Thirdly, while the vocation is one of essential "hiddenness from the eyes of men"  neither Canon 603 nor the CCC speak of dying into nothingness. Of course there is a significant dimension of dying to self (meaning the false or ego self!) but one does NOT become a non-entity in the process; one embraces anew the incredibly significant status of daughter or son of God in Christ (and brother or sister to all others) just as one did in Baptism and therefore comes to represent a vocation which has significant value for men and women living in the 21 C! Not least hermits proclaim the Gospel of Jesus Christ and the life and meaning which he brings to even the least and most lonely of us. It is a rich life, a joy filled one of profound (and incredibly paradoxical) relatedness to all of creation which would be meaningful simply because God calls one to it! Even so, it is significant to others and MUST be credible to others (no matter how paradoxical or counter cultural such credibility is)  because it is a proclamation of the Gospel and the redemption connected with that. The God it witnesses to must be the God of Jesus Christ who redeems the most death-dealing or isolating circumstances human beings know.

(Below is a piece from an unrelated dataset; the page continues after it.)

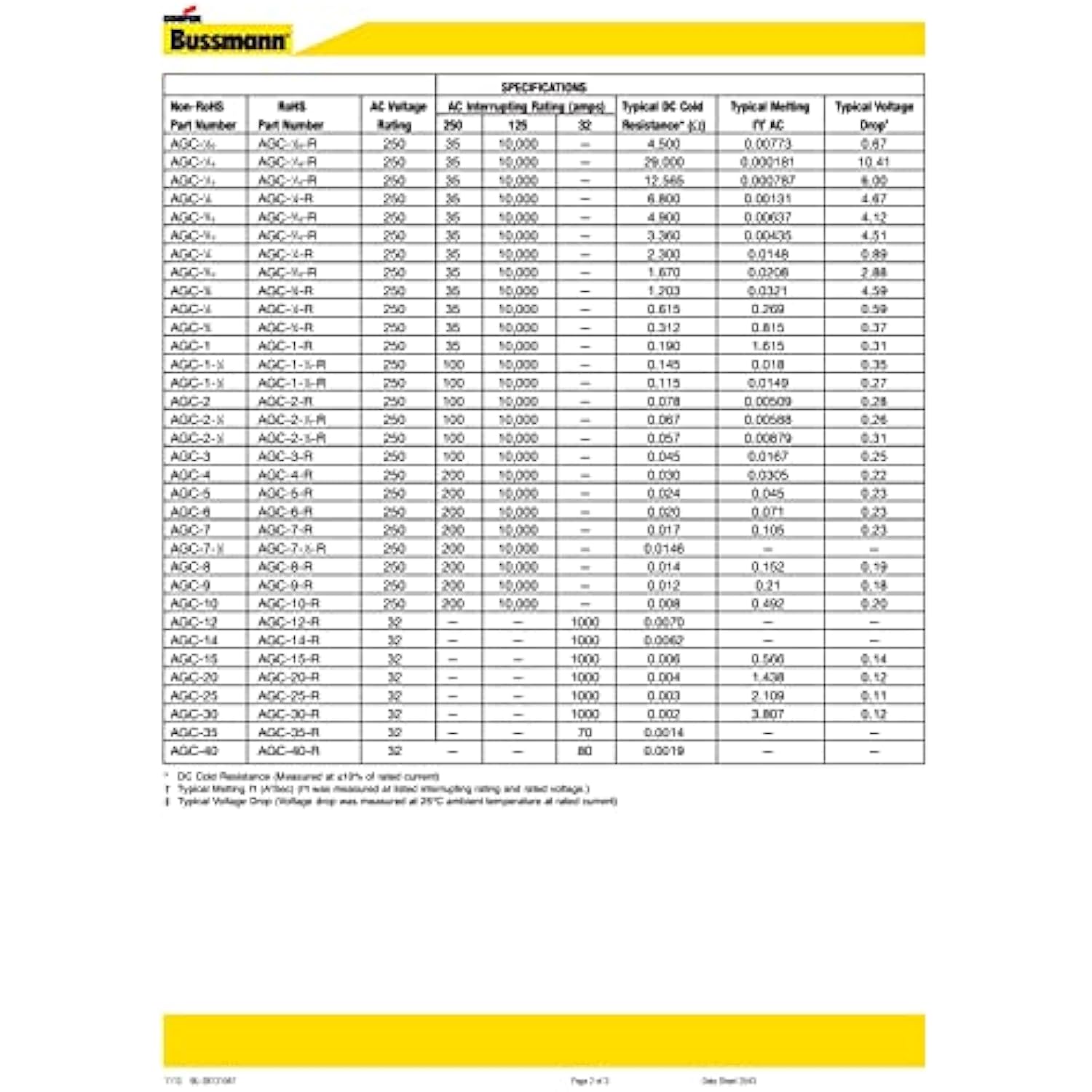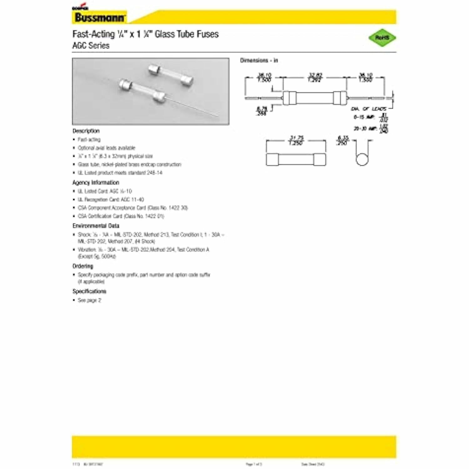 Bussmann AGC-2.5 Cartridge Fuses 250VAC 2.5A Fast Acting (5 Pieces)

I have known (usually -- though not only -- through their writing) several so-called hermits that were either no such thing or, at best, were pretty disedifying examples of the vocation. While all of us struggle at times to live our lives well and with integrity, and while none of us are likely paragons (Merton warns about believing hermits should be perfect examples of their vocation), there are those who justify isolation or an inability (or refusal!) to take part in normal society because of mental illness, spiritual and personal eccentricity (or outright weirdness!), misanthropy, judgmentalism, individualism, self-centeredness, etc, by applying the term "hermit." But in some of these cases the impression they give in adopting the term is that solitude is really nothing more than isolation, that the only real joy found in the eremitical life is that of suffering and struggle, that the spirituality appropriate to such a vocation is some sort of pseudo-mystical misery willed by a sadistic God who may reward such pain with occasional "consolations", and that attempts to find or worship God in the ordinary world of time and space is "unspiritual". As far as I can see there is nothing of the good news of Jesus Christ in any of this and nothing credible much less exemplary therefore in such lives.

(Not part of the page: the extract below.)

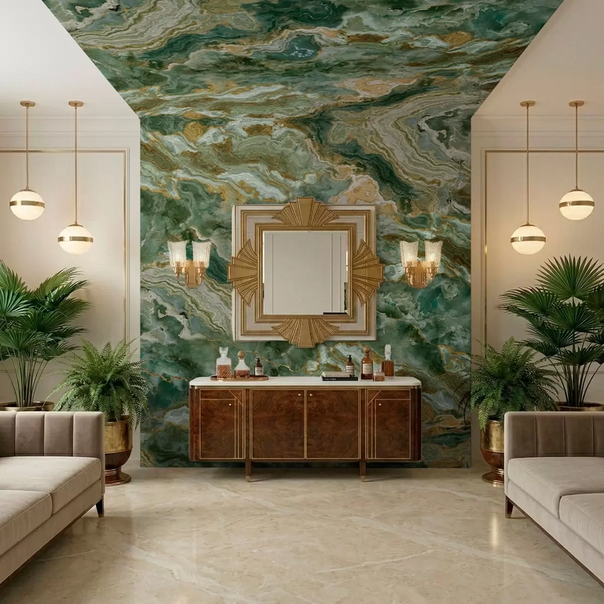 Carta da parati Struttura in onice verde con venature sinuose a strati nr. w05429

I am sorry when persons are not admitted to profession as a diocesan hermit or even to an extended period of discern-ment with their diocese; I know the pain it occasions. But at the same time I am sorrier still when those with no true vocation call themselves hermits (much less Catholic Hermits) and give scandal by living a life which is far from healthy and thus, even farther from being Christian or genuinely eremitical. Because diocesan eremitical life is an ecclesial vocation this means it must witness to the Gospel of God in Christ in the name of the Church. Standing in law, credibility, even "approval" by the hierarchy of the Church and those who benefit from the witness given are a necessary part of this vocation and its accountability to God and God's Church --- essential hiddenness notwithstanding. After all, credibility is part of ANY Christian vocation; we live our lives in response to this call so that others "may believe in Him whom you have sent." (John 6:30) If our lives and vocations lack credibility in the profound sense of imaging God's redemption, especially in the midst of suffering, then they are not Christian; they are not of God.  It seems to me, that the pious language of "being nothing" aside, only one who fails to understand the true nature, value, and responsibility of such calls could suggest otherwise.